Large crowd navigation with sudden changes: unlikely events are out of likely sample. So, we want to bring in another distribution based on importance and not likelyness.

Goals

DESPOT with Importance Sampling

  1. take our initial belief
  2. sample trajectories according to Importance Sampling distribution
  3. calculate values of those states
  4. obtain value estimate based on weighted average of the values

Importance Sampling of trajectories

We define an importance distribution of some trajectory \(\xi\):

\begin{equation} q(\xi | b,\pi) = q(s_0) \prod_{t=0}^{D} q(s_{t+1}, o_{t+1} | s_{t}, a_{t+1}) \end{equation}

Background

Importance Sampling

Suppose you have a function \(f(s)\) which isn’t super well integrate-able, yet you want:

\begin{equation} \mu = \mathbb{E}(f(s)) = \int_{0}^{1} f(s)p(s) \dd{s} \end{equation}

how would you sample various \(f(s)\) effectively such that you end up with \(\hat{\mu}\) that’s close enough?

Well, what if you have an importance distribution \(q(s): S \to \mathbb{R}^{[0,1]}\), which tells you how “important” to the expected value of the distribution a particular state is?

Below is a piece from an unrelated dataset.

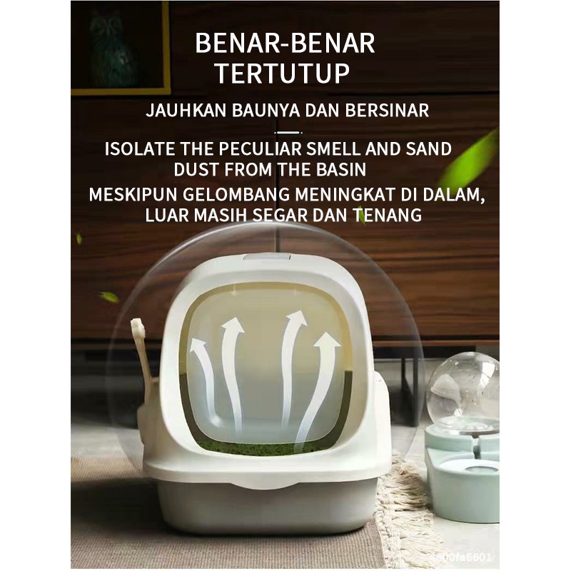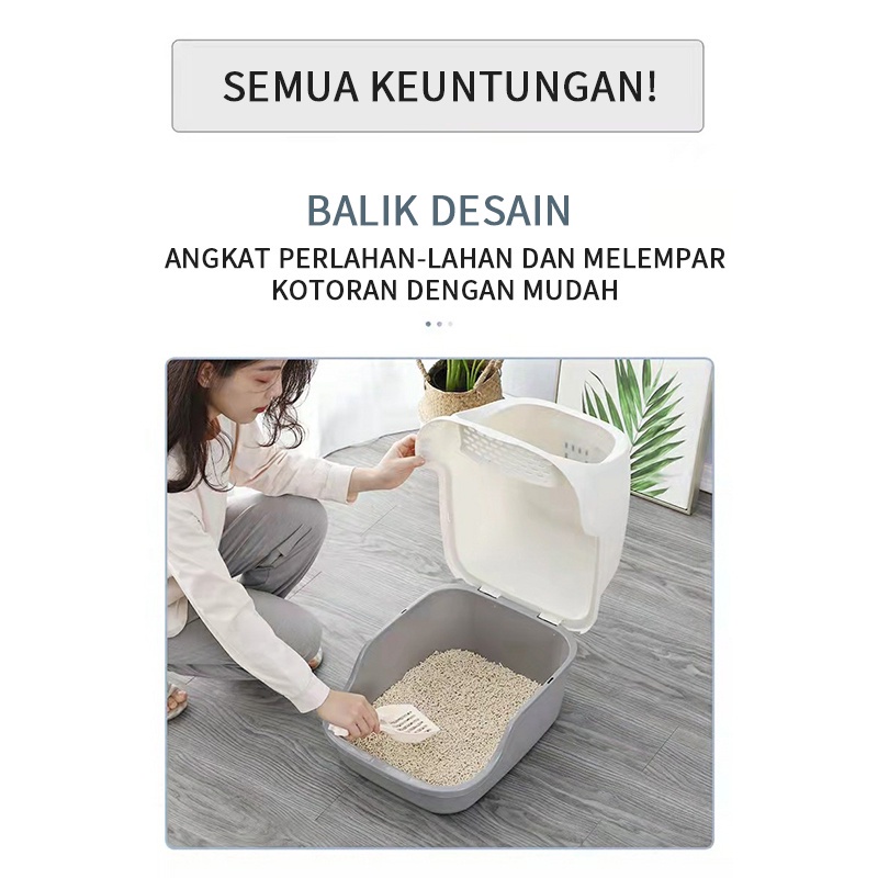 Cat Litter Box Tempat Pasir Kucing Extra Jumbo Pintu Otomatis Terbuka Set Bak Pasir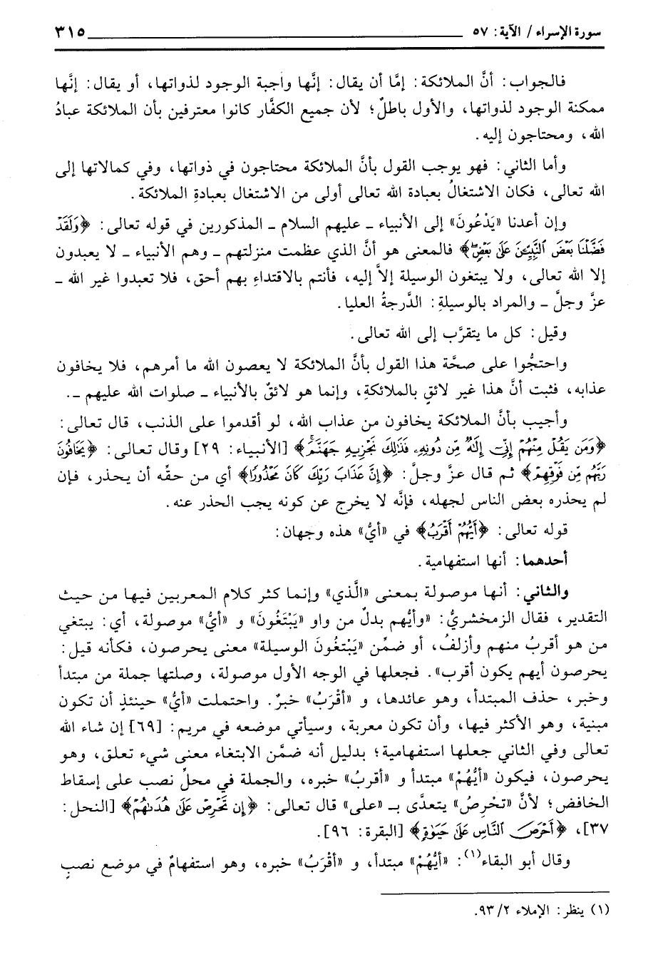 والثاني: أنها موصولة بمعنى «الَّذي» وإنما كثر كلام المعربين فيها من حيث التقدير، فقال الزمخشريُّ: «وأيُّهم بدلٌ من واو» يَبْتَغُونَ «و» أيُّ «موصولة، أي: يبتغي من هو أقربُ منهم وأزلفُ، أو ضمِّن» يَبْتغُونَ الوسيلة «معنى يحرصون، فكأنه قيل: يحرصون أيهم يكون أقرب» . فجعلها في الوجه الأول موصولة، وصلتها جملة من مبتدأ وخبر، حذف المبتدأ، وهو عائدها، و «أقْرَبُ» خبرٌ. واحتملت «أيُّ» حينئذٍ أن تكون مبنية، وهو الأكثر فيها، وأن تكون معربة، وسيأتي موضعه في مريم: [69] إن شاء الله تعالى وفي الثاني جعلها استفهامية؛ بدليل أنه ضمَّن الابتغاء معنى شيء تعلق، وهو يحرصون، فيكون «أيُّهُمْ» مبتدأ و «أقربُ» خبره، والجملة في محلِّ نصب على إسقاط الخافض؛ لأنَّ «تحْرِصُ» يتعدَّى ب «على» قال تعالى: {إِن تَحْرِصْ على هُدَاهُمْ} [النحل: 37] ، {أَحْرَصَ الناس على حَيَاةٍ} [البقرة: 96] .

Then, we can formulate a new, better normalization function called the “importance weight”:

\begin{equation} w(s) = \frac{p(s)}{q(s)} \end{equation}

Therefore, this would make our estimator:

\begin{equation} \hat{\mu} = \frac{\sum_{n} f(s_{n}) w(s_{n})}{\sum_{n} w(s_{n})} \end{equation}

Theoretic grantees

So, there’s a distribution over \(f\):

\begin{equation} q(s) = \frac{b(s)}{w_{\pi}(s)} \end{equation}

where

\begin{equation} w(s) = \frac{\mathbb{E}_{b} \qty( \sqrt{[\mathbb{E}(v|s, \pi )]^{2} + [Var(v|s, \pi )]})}{[\mathbb{E}(v|s, \pi )]^{2} + [Var(v|s, \pi )]} \end{equation}

which measures how important a state is, where \(\pi\) is the total discounted reward.